::: DATA PROVIDED :::

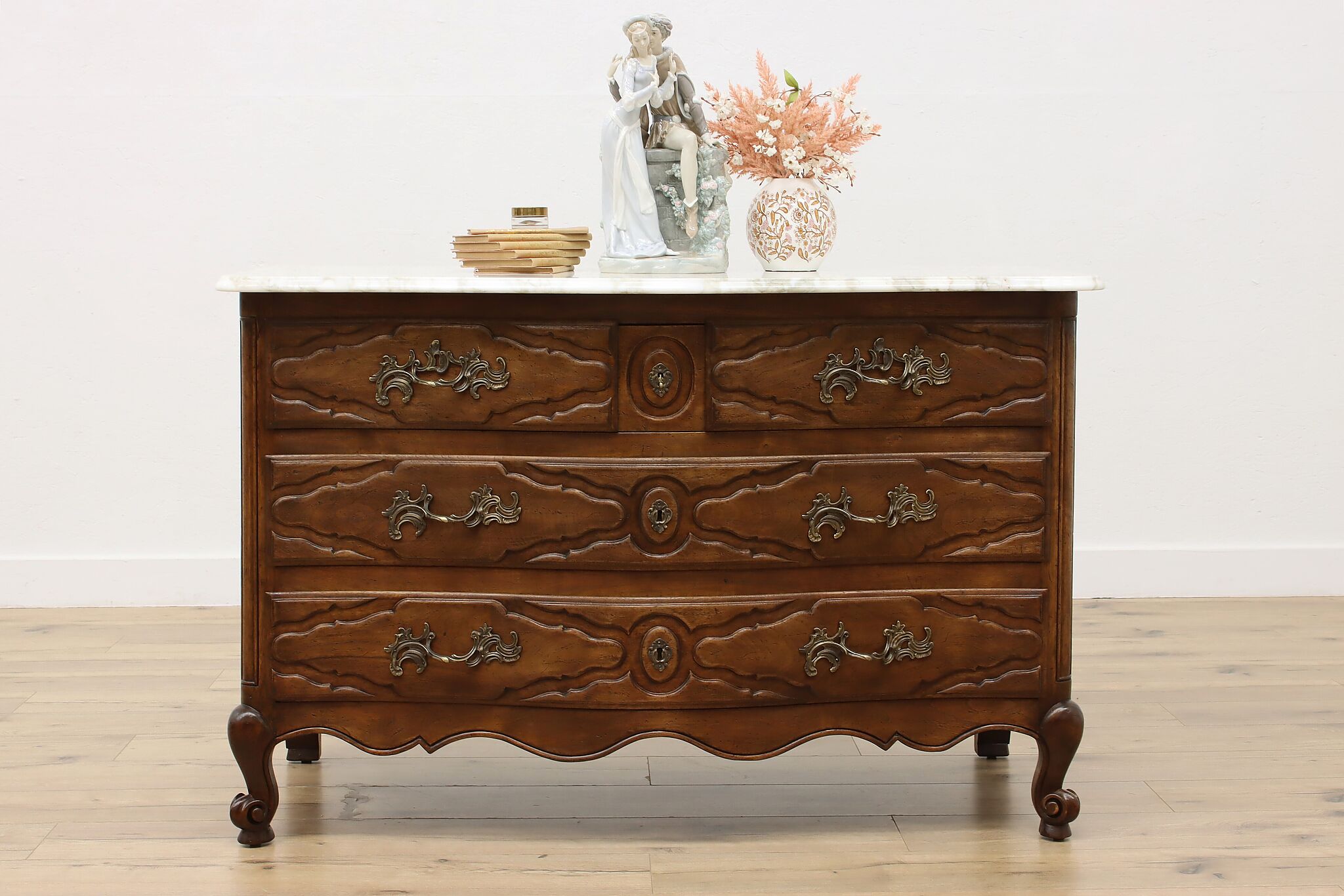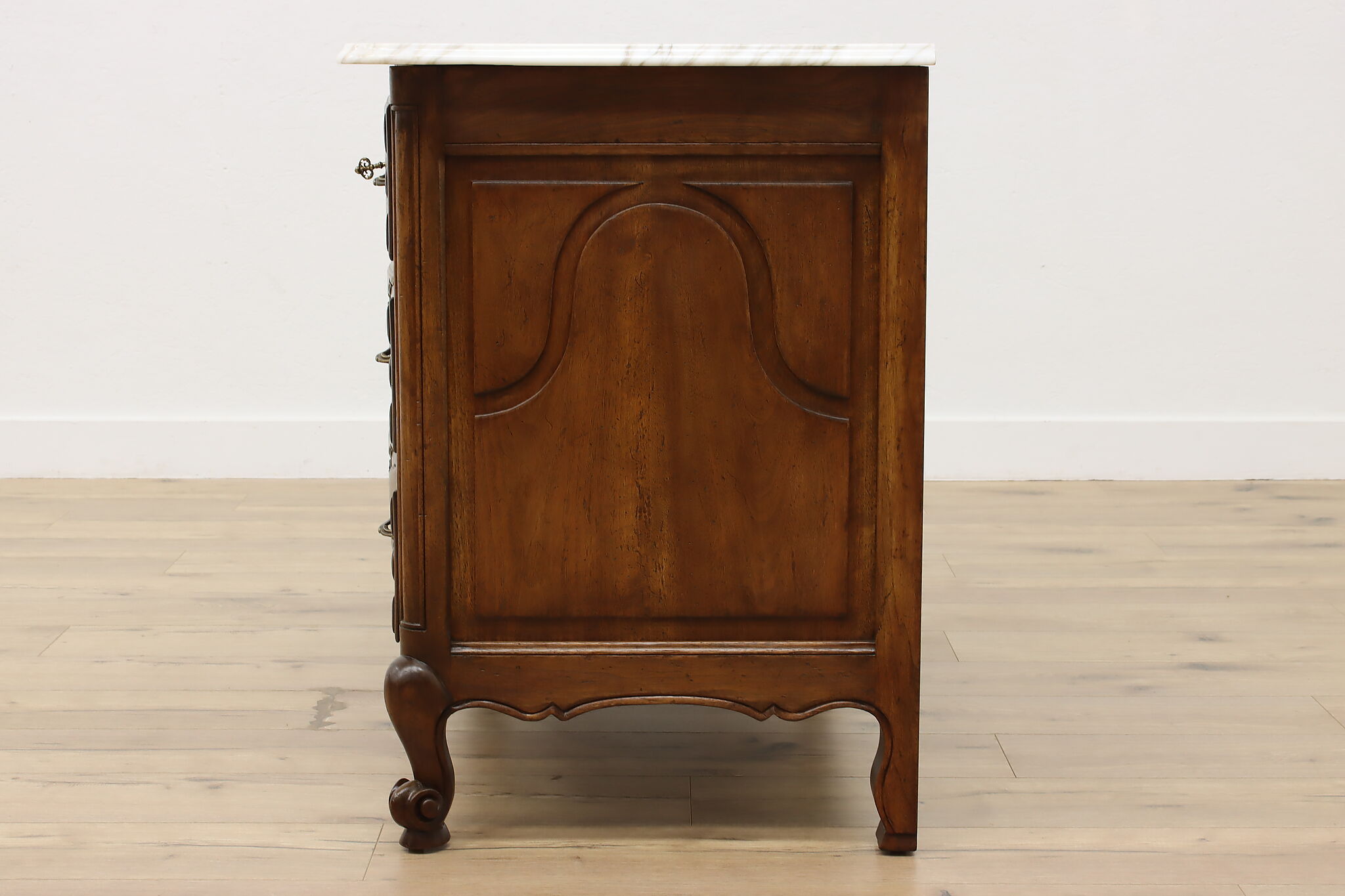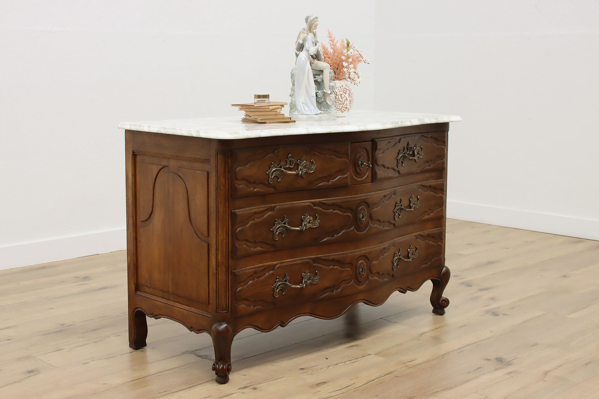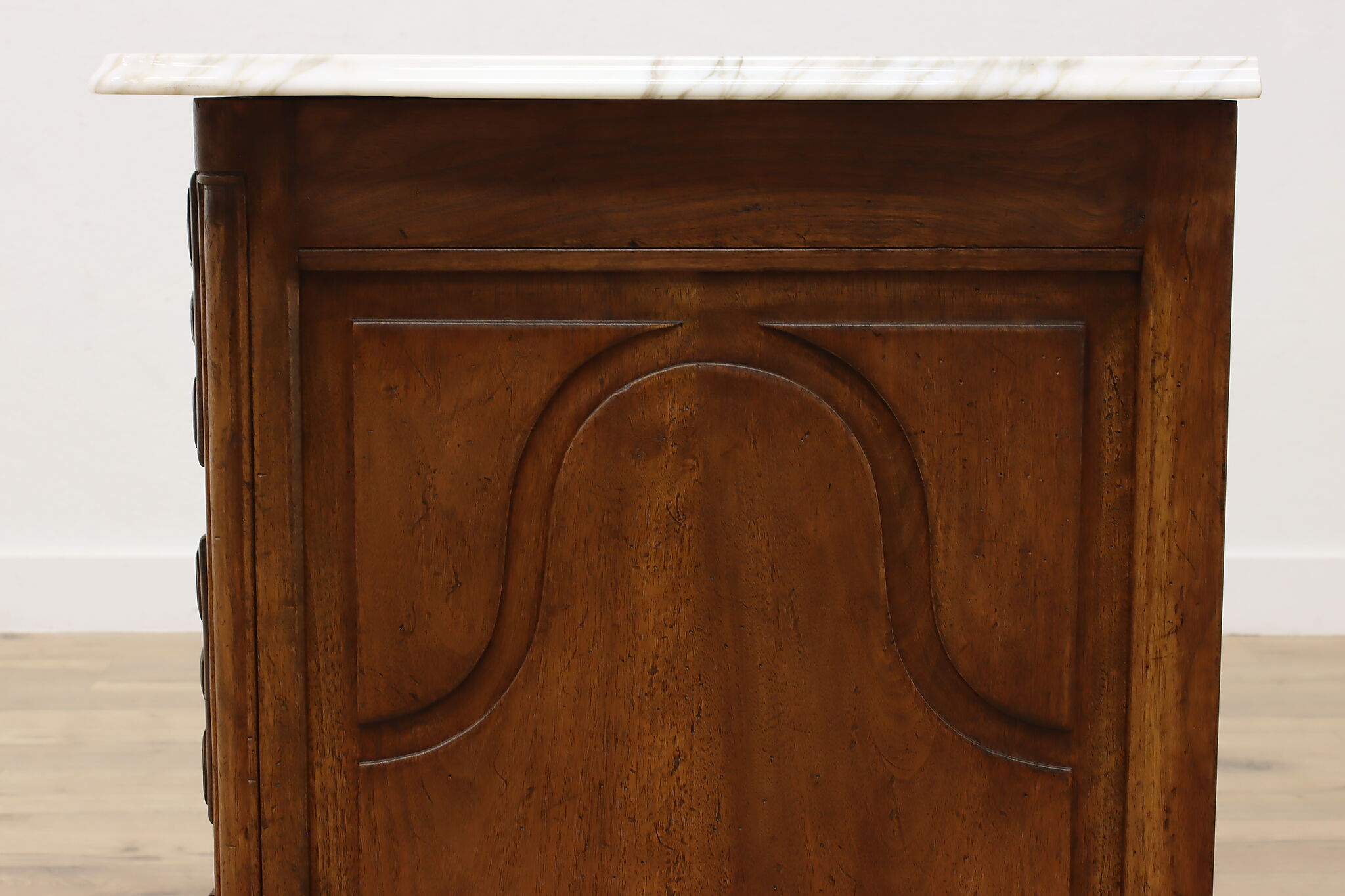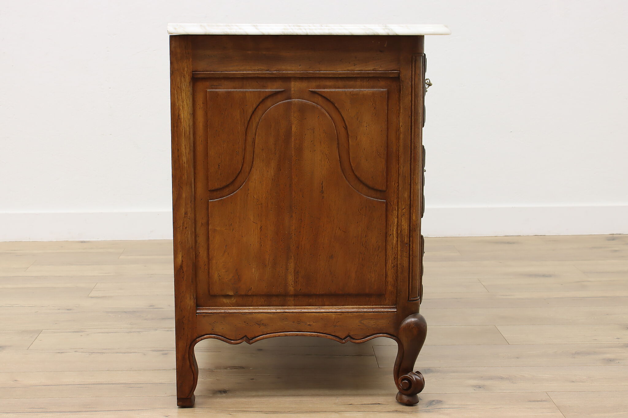 Designed after beautiful 18th century furniture, this outstanding dresser or chest has a fabulous white marble top.
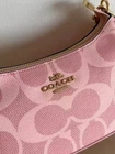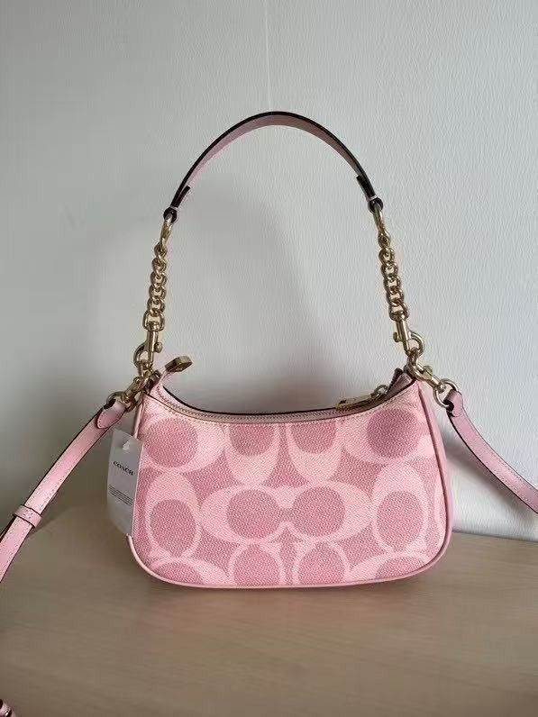 Teri Shoulder Bag In Signature Canvas Color: signature canvas/Gold/Powder Pink Style Number CAL51 Measurements Length: 9.5" Height: 6.0" Width: 3.0" Materials Signature coated canvas Fabric lining Handle Detachable handle with 8.5" drop Strap Detachable strap with 22.75" drop for shoulder or crossbody wear Features Inside multifunction pocket Zip-top closure
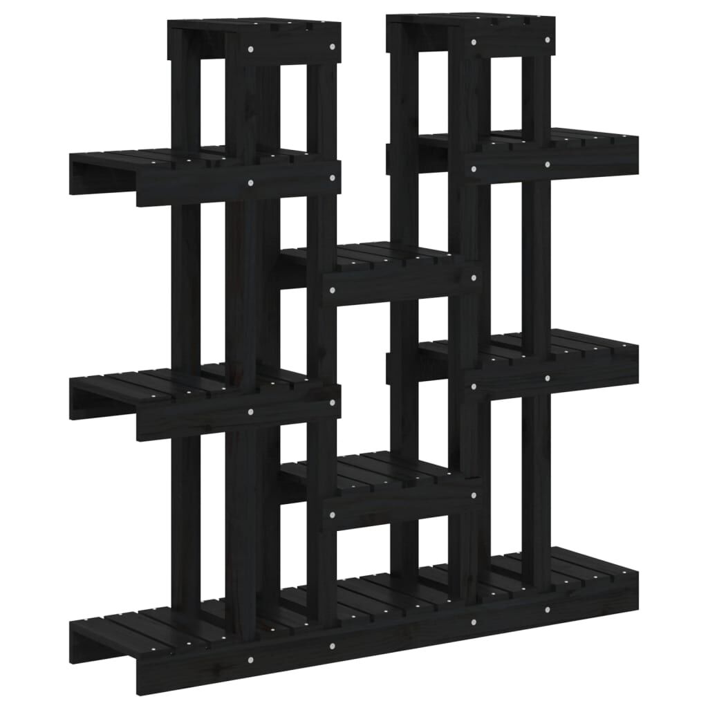 vidaXL Augalų stovas, juodas, 104,5x25x109,5cm, pušies masyvas

:::

● **ASSIGNMENT**: Recopy the whole listing above precisely, excluding images.

● **TASK RESPONSE**:
 Designed after beautiful 18th century furniture, this outstanding dresser or chest has a fabulous white marble top.
 Teri Shoulder Bag In Signature Canvas Color: signature canvas/Gold/Powder Pink Style Number CAL51 Measurements Length: 9.5" Height: 6.0" Width: 3.0" Materials Signature coated canvas Fabric lining Handle Detachable handle with 8.5" drop Strap Detachable strap with 22.75" drop for shoulder or crossbody wear Features Inside multifunction pocket Zip-top closure
 vidaXL Augalų stovas, juodas, 104,5x25x109,5cm, pušies masyvas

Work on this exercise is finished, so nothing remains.